Your assignment
Pictures are to be left out, and only the lines below starting at the one with "라이브러리 call과 시스템" and ending at the one with "В квартире сделан" are to be reproduced, each exactly, both ends included.

(Data excerpts)
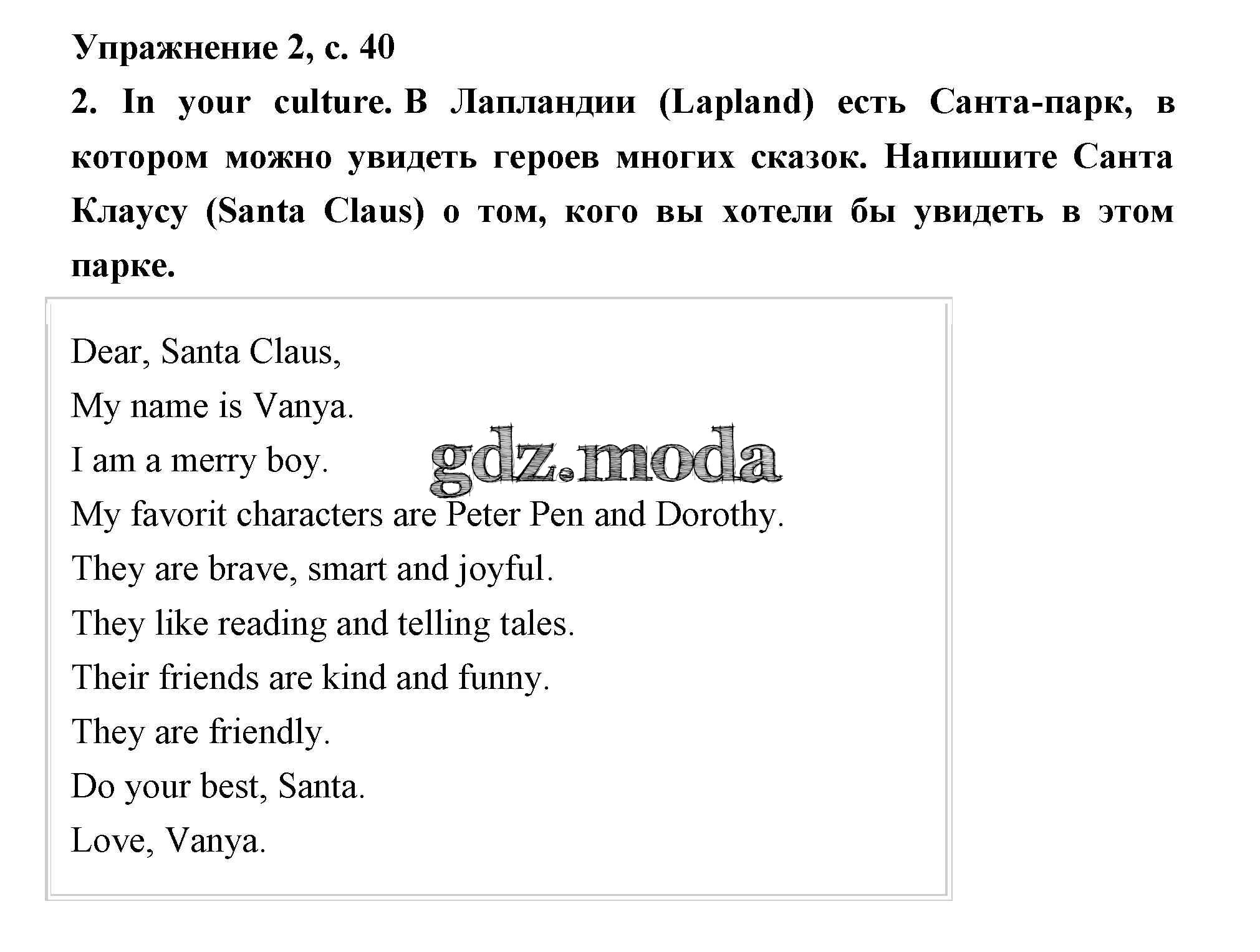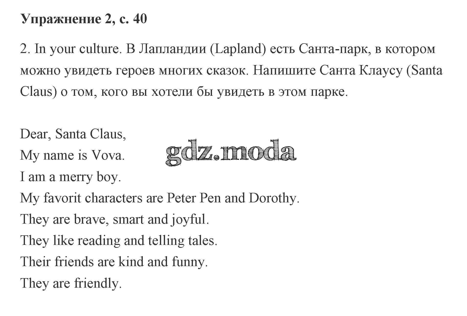 ОТВЕТ на задание № 40 Рабочая тетрадь по Английскому языку 2 класс Кузовлев
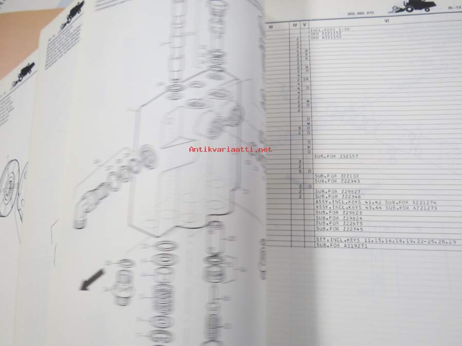 John Deere 950, 960, 970 leikkuupuimuri -varaosaluettelo
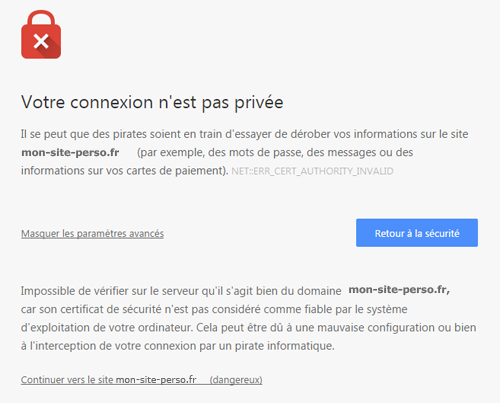 Si un site n’offre pas HTTPS, le navigateur vous bloque ou vous avertit clairement, c'est alors à vous de décider :
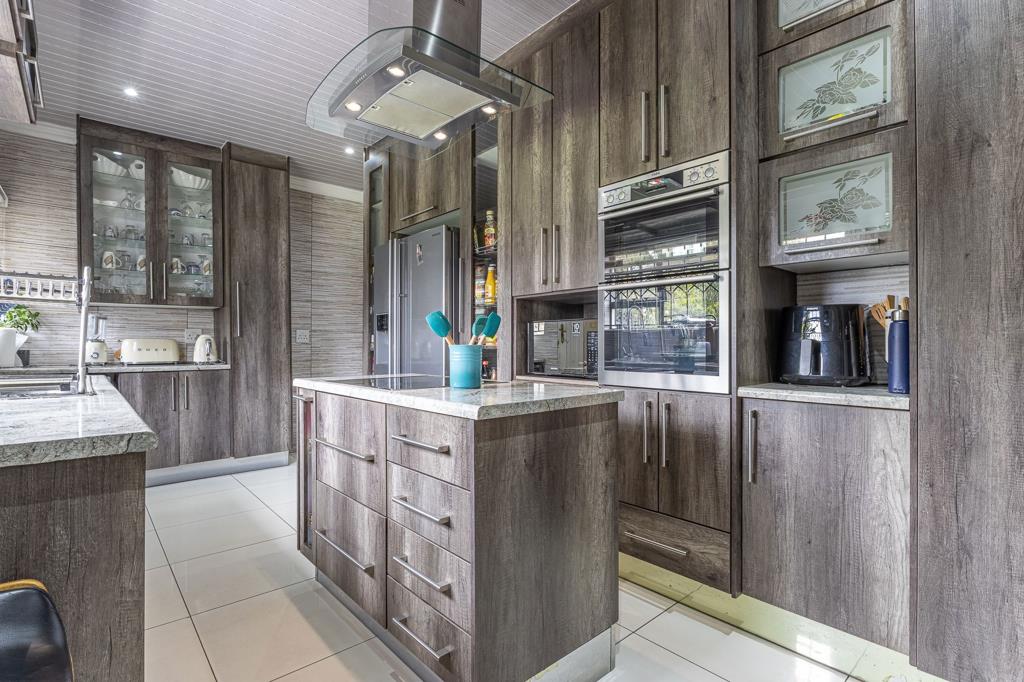 The outdoor entertainment area includes a thatched lapa, sparkling pool, and an undercover patio, perfect for hosting family and friends.
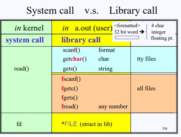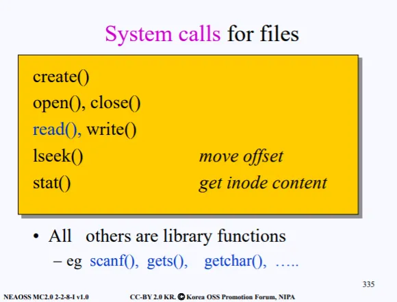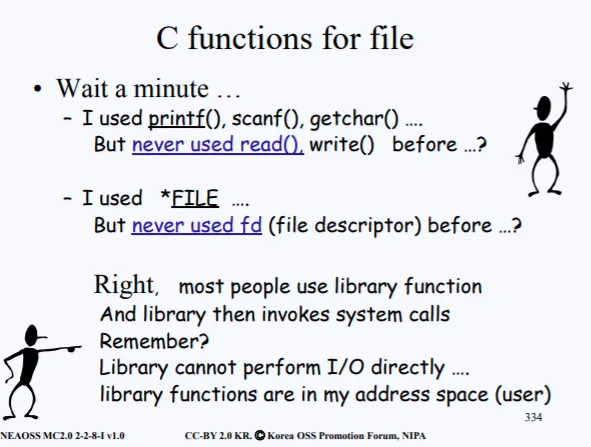 라이브러리 call과 시스템 call의 차이를 한번도 보고가자. 실제 데이터를 읽는 건 시스템 콜에서는 read밖에 없고, 라이브러리에는 아주 많다. 라이브러리 함수들의 공통된 특징은 맨 앞에 f가 안붙어있으면 전부다 표준 입출력에 사용되는 함수이다. (키보드 or 스크린) f가 있으면 전부 파일과 관련된 함수이다.
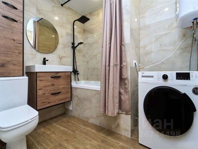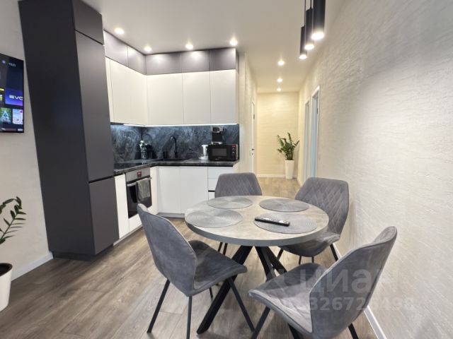 В квартире сделан ремонт от застройщика . Из мебели остается : кухонный гарнитур со встроенной техникой, диван в кухне, стол, стулья , в гостиной - кровать , тумба со шкафами под ТВ, шкаф-купе, комод , сплит-система, в спальне - шкаф , остальная техника по договоренности.
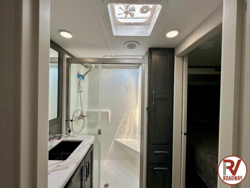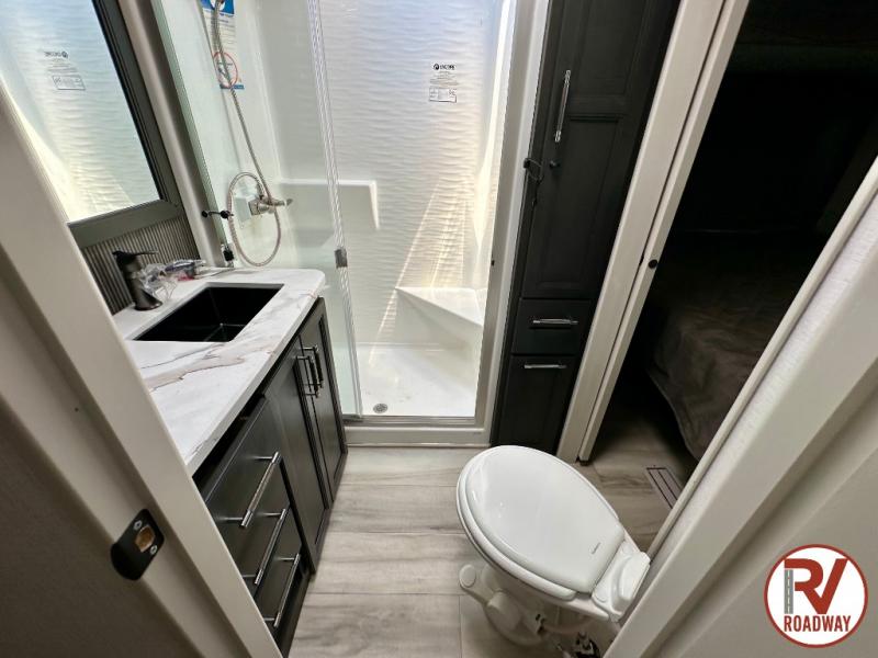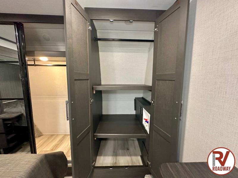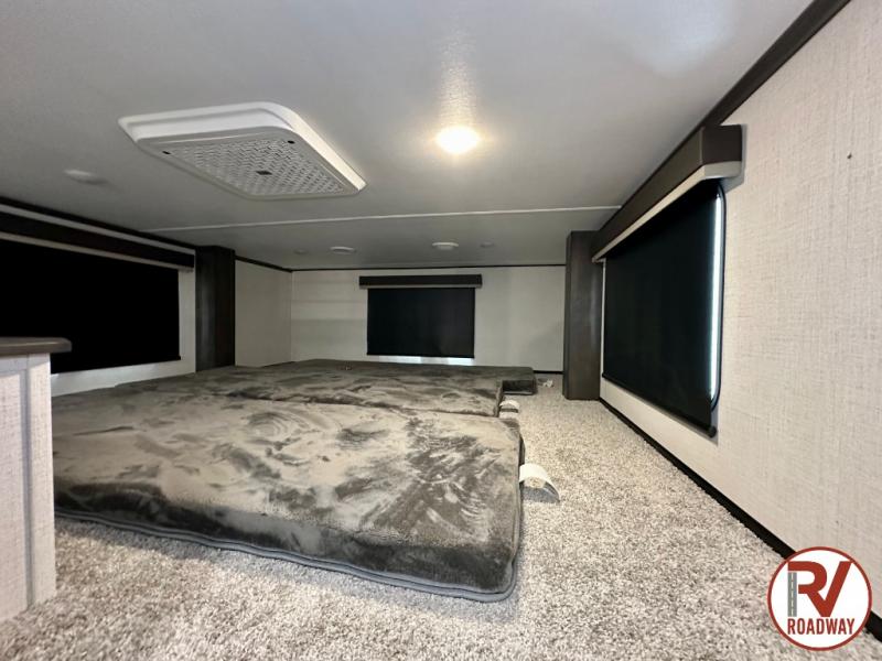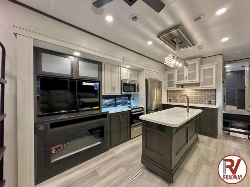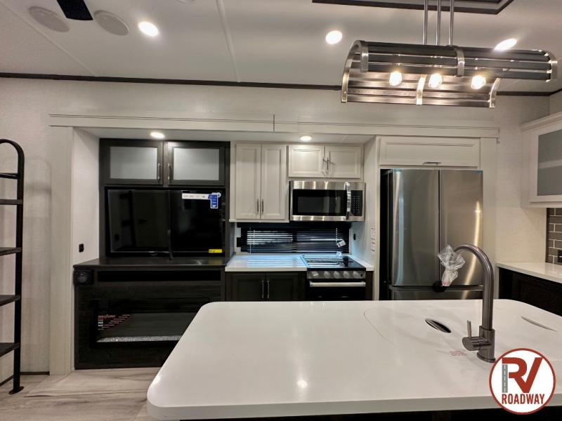Get ready for family fun in this fifth wheel offering a front master bedroom with a king-size bed slide, plus a second master bedroom for your guests! The second bedroom includes a queen-size bed slide, a loft above the bedroom that sleeps three more, plus a rear full bathroom including a unique rear entry/exit door. And both entrances include the LCl SolidStep. The main living and kitchen area offers dual opposing slides and include theater seating, a free standing dinette, a fireplace, a center island and full kitchen amenities to feed your entire crew.

Result below
 라이브러리 call과 시스템 call의 차이를 한번도 보고가자. 실제 데이터를 읽는 건 시스템 콜에서는 read밖에 없고, 라이브러리에는 아주 많다. 라이브러리 함수들의 공통된 특징은 맨 앞에 f가 안붙어있으면 전부다 표준 입출력에 사용되는 함수이다. (키보드 or 스크린) f가 있으면 전부 파일과 관련된 함수이다.
 В квартире сделан ремонт от застройщика . Из мебели остается : кухонный гарнитур со встроенной техникой, диван в кухне, стол, стулья , в гостиной - кровать , тумба со шкафами под ТВ, шкаф-купе, комод , сплит-система, в спальне - шкаф , остальная техника по договоренности.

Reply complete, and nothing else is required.